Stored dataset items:
************

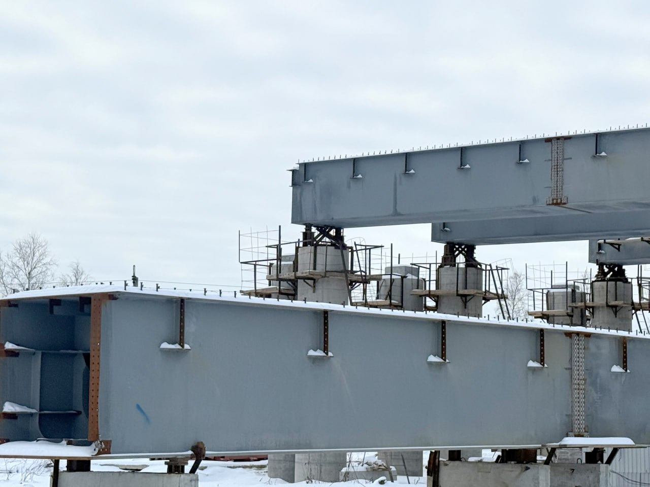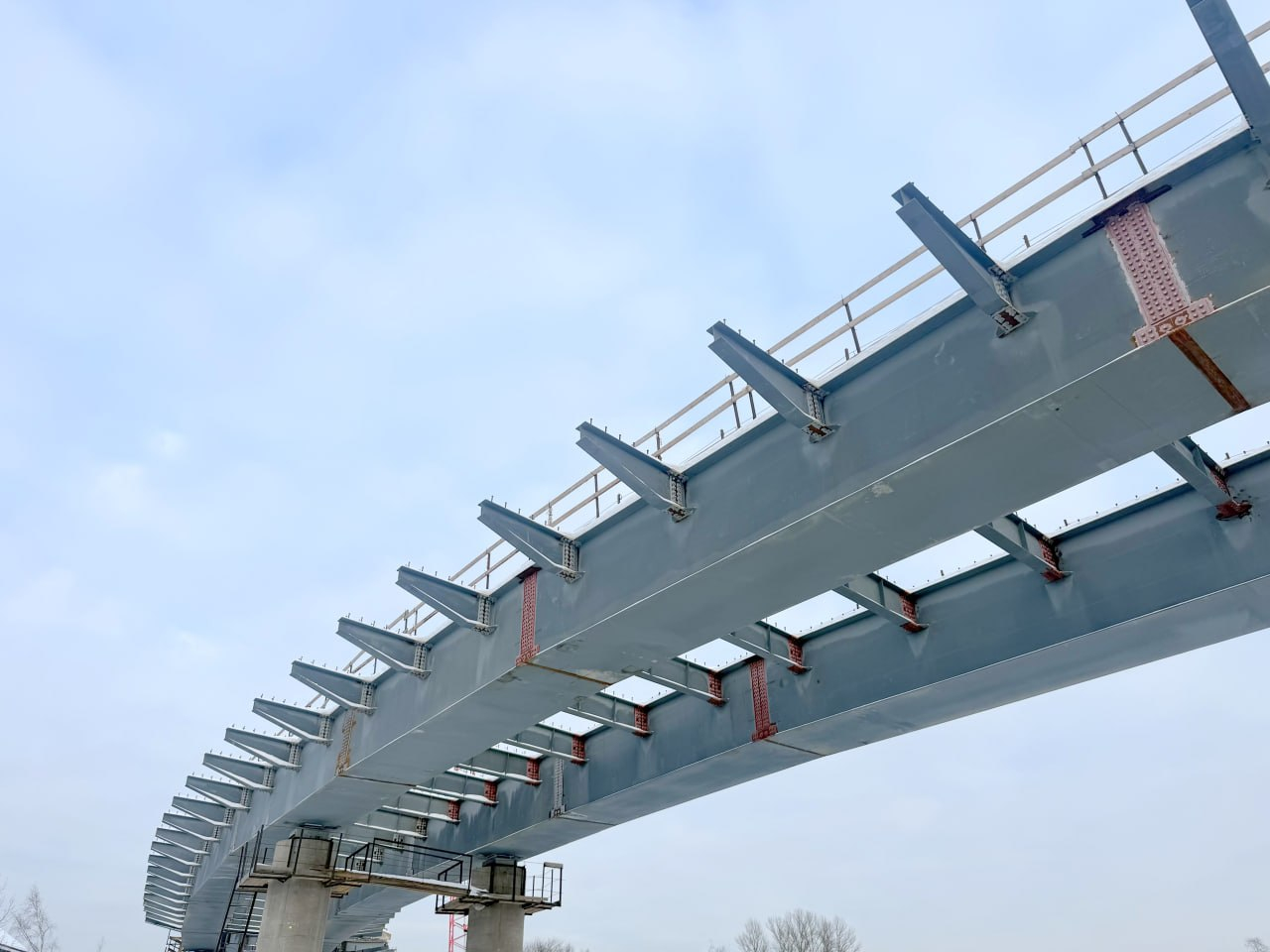 Вместе с тем балки закреплены на всех готовых опорах, благодаря чему виден масштаб и образ будущего сооружения.
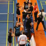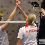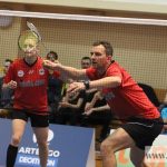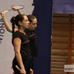 W rywalizacji debla pań, po jednej stronie oglądaliśmy siostry Agnieszkę i Anetę Wojtkowskie, a po przeciwnej stronie siatki duet Wiktoria Dąbczyńska i Aleksandra Goszczyńska. W pierwszym secie młode pokolenie badmintonistek dało się we znaki siostrom, natomiast już drugi set był prowadzony pod dyktando Agnieszk i Anety, które obroniły zeszłoroczny tytuł mistrzowski. – Na tym turnieju cały czas miałyśmy nerwowe te pierwsze sety. Poprzednie mecze też wyglądały podobnie, a drugie sety już wygrywałyśmy pewnie. Szczerze, jest nam już coraz ciężej, bo młode dziewczyny nas doganiają. Życzę im dalszego rozwoju i dobrego szkolenia – podkreśla Aneta Wojtkowska.
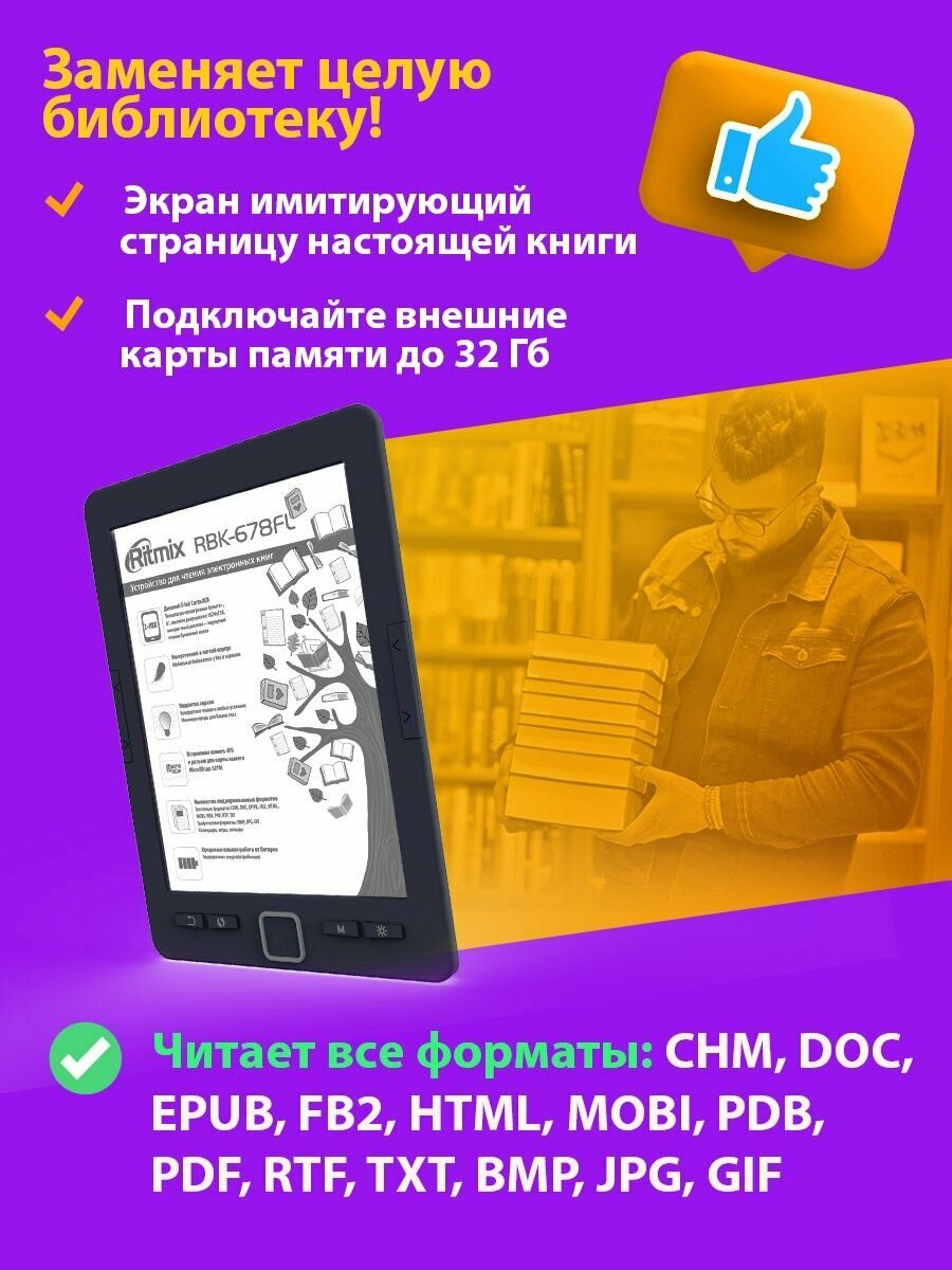 6" Электронная книга RITMIX RBK-678FL 1024x758, E-Ink, 4 ГБ, черный интересное:
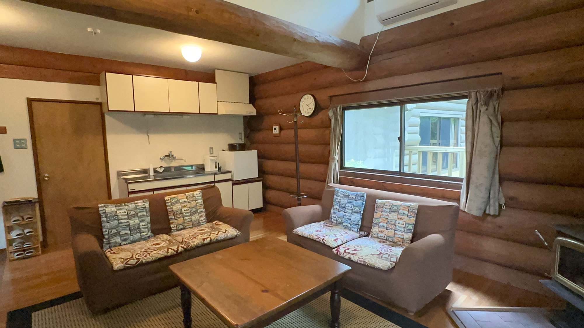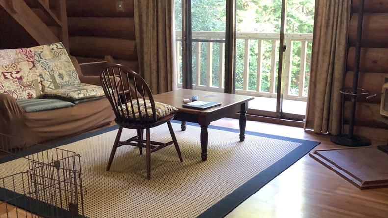 ペット同伴OKのログハウス風コテージになります。愛犬と一緒にごゆっくりお寛ぎください。3名以上の場合は、寝具はお布団になります。※wifiなし
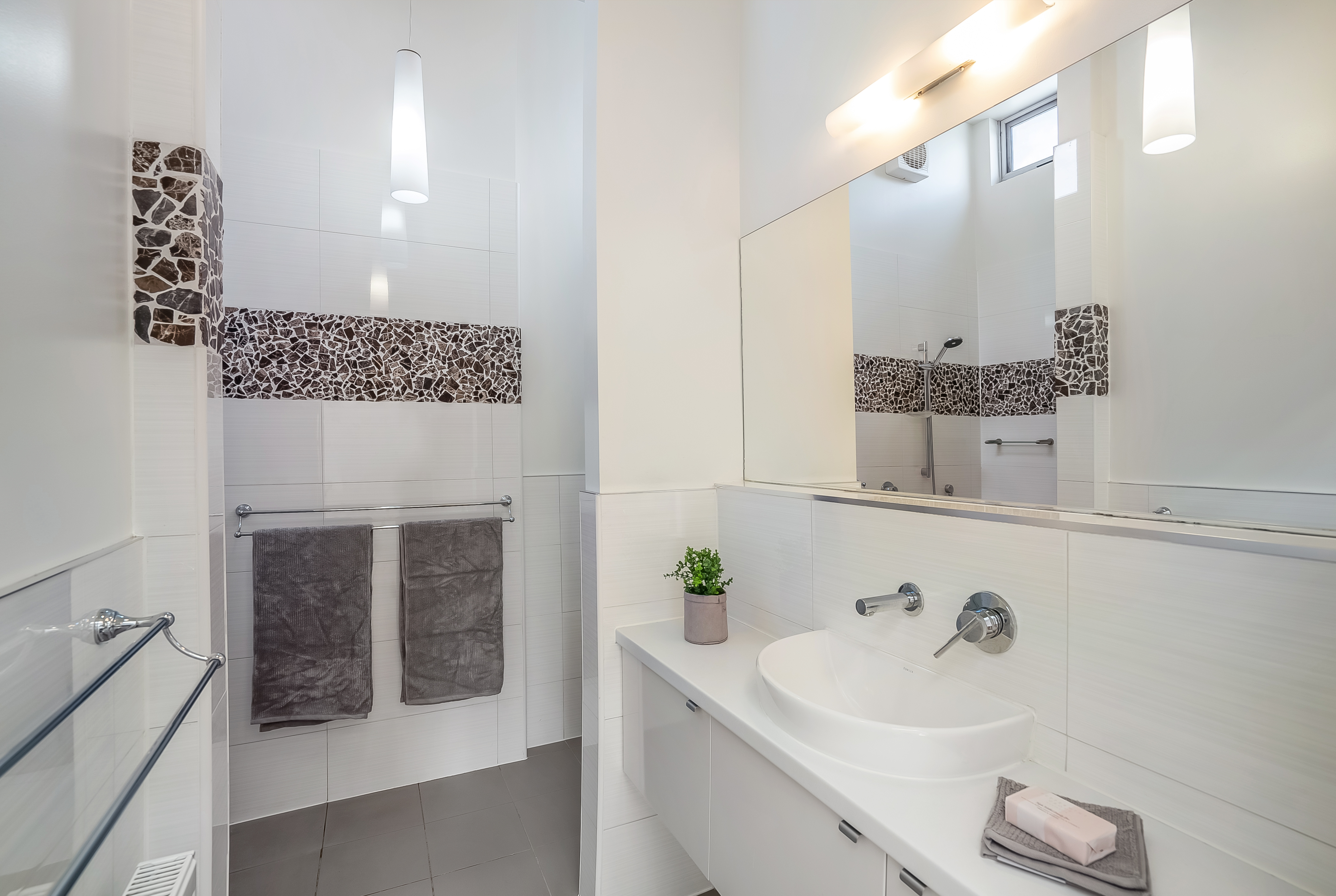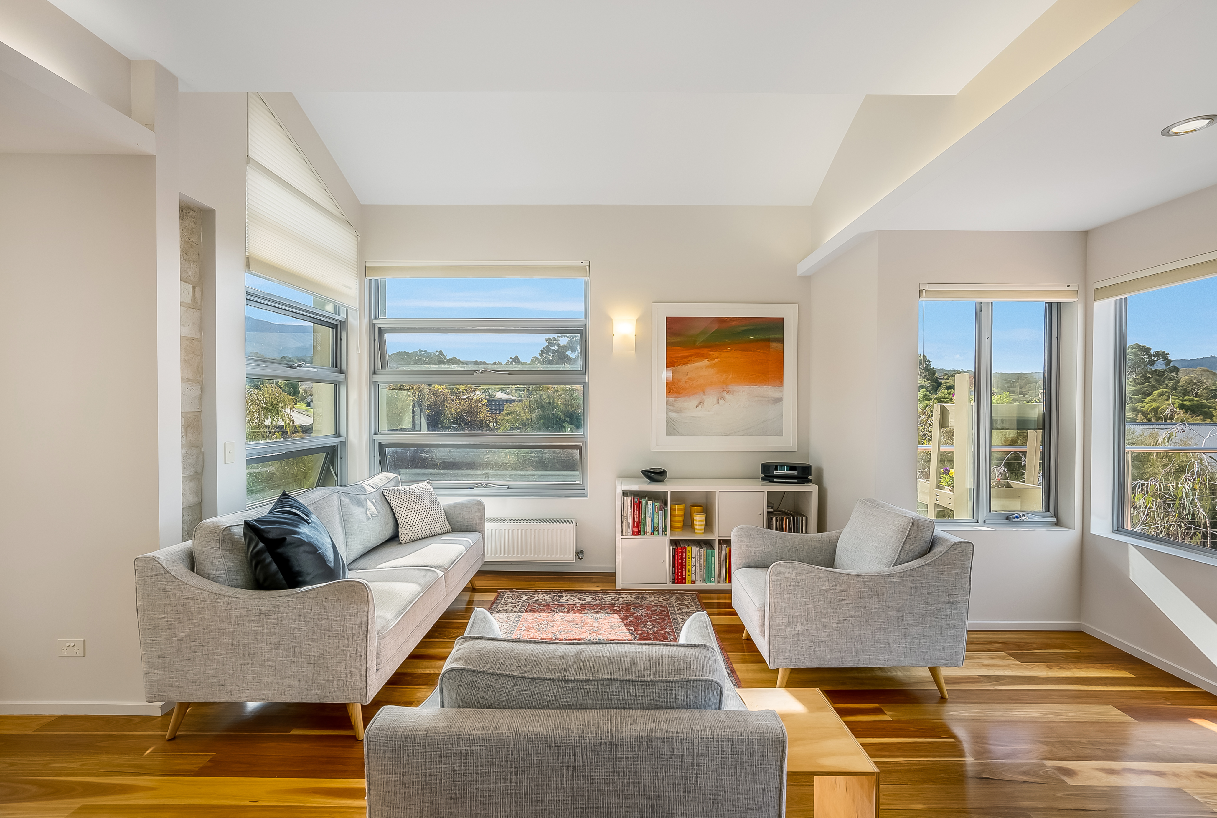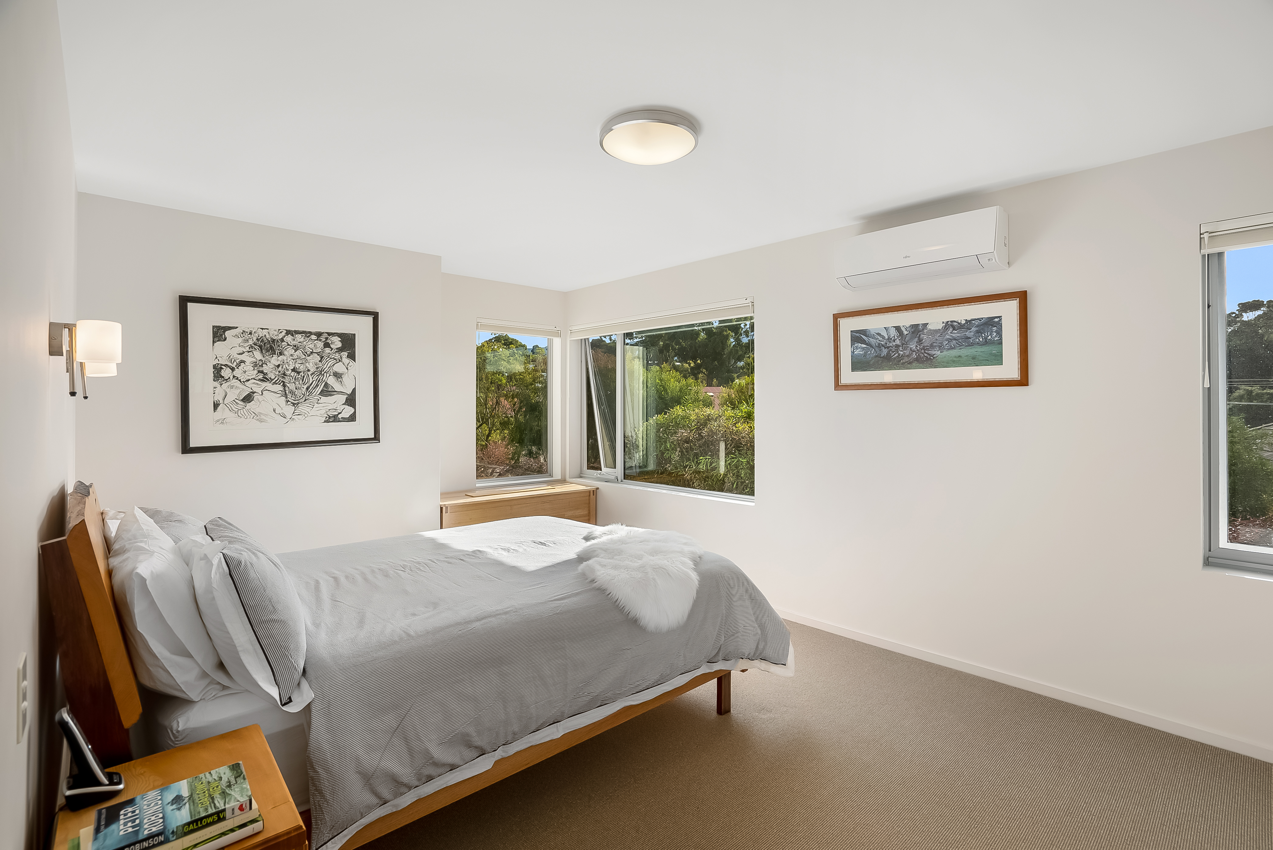 The quality of natural light is remarkable with feature & highlight windows positioned throughout. Designed and built on 'greensmart' principles, with all living areas and bedrooms facing north to take advantage of the winter sun while the solid masonry walls in the living areas act as a thermal mass that stores daytime warmth and releases it throughout the evenings. Full insulation, double-glazed windows and premium double honeycomb blinds maximise energy efficiency.

************

#### What you should do
Repeat all of the entries above exactly. Keep pictures out of it.

#### Task response
 Вместе с тем балки закреплены на всех готовых опорах, благодаря чему виден масштаб и образ будущего сооружения.
 W rywalizacji debla pań, po jednej stronie oglądaliśmy siostry Agnieszkę i Anetę Wojtkowskie, a po przeciwnej stronie siatki duet Wiktoria Dąbczyńska i Aleksandra Goszczyńska. W pierwszym secie młode pokolenie badmintonistek dało się we znaki siostrom, natomiast już drugi set był prowadzony pod dyktando Agnieszk i Anety, które obroniły zeszłoroczny tytuł mistrzowski. – Na tym turnieju cały czas miałyśmy nerwowe te pierwsze sety. Poprzednie mecze też wyglądały podobnie, a drugie sety już wygrywałyśmy pewnie. Szczerze, jest nam już coraz ciężej, bo młode dziewczyny nas doganiają. Życzę im dalszego rozwoju i dobrego szkolenia – podkreśla Aneta Wojtkowska.
 6" Электронная книга RITMIX RBK-678FL 1024x758, E-Ink, 4 ГБ, черный интересное:
 ペット同伴OKのログハウス風コテージになります。愛犬と一緒にごゆっくりお寛ぎください。3名以上の場合は、寝具はお布団になります。※wifiなし
 The quality of natural light is remarkable with feature & highlight windows positioned throughout. Designed and built on 'greensmart' principles, with all living areas and bedrooms facing north to take advantage of the winter sun while the solid masonry walls in the living areas act as a thermal mass that stores daytime warmth and releases it throughout the evenings. Full insulation, double-glazed windows and premium double honeycomb blinds maximise energy efficiency.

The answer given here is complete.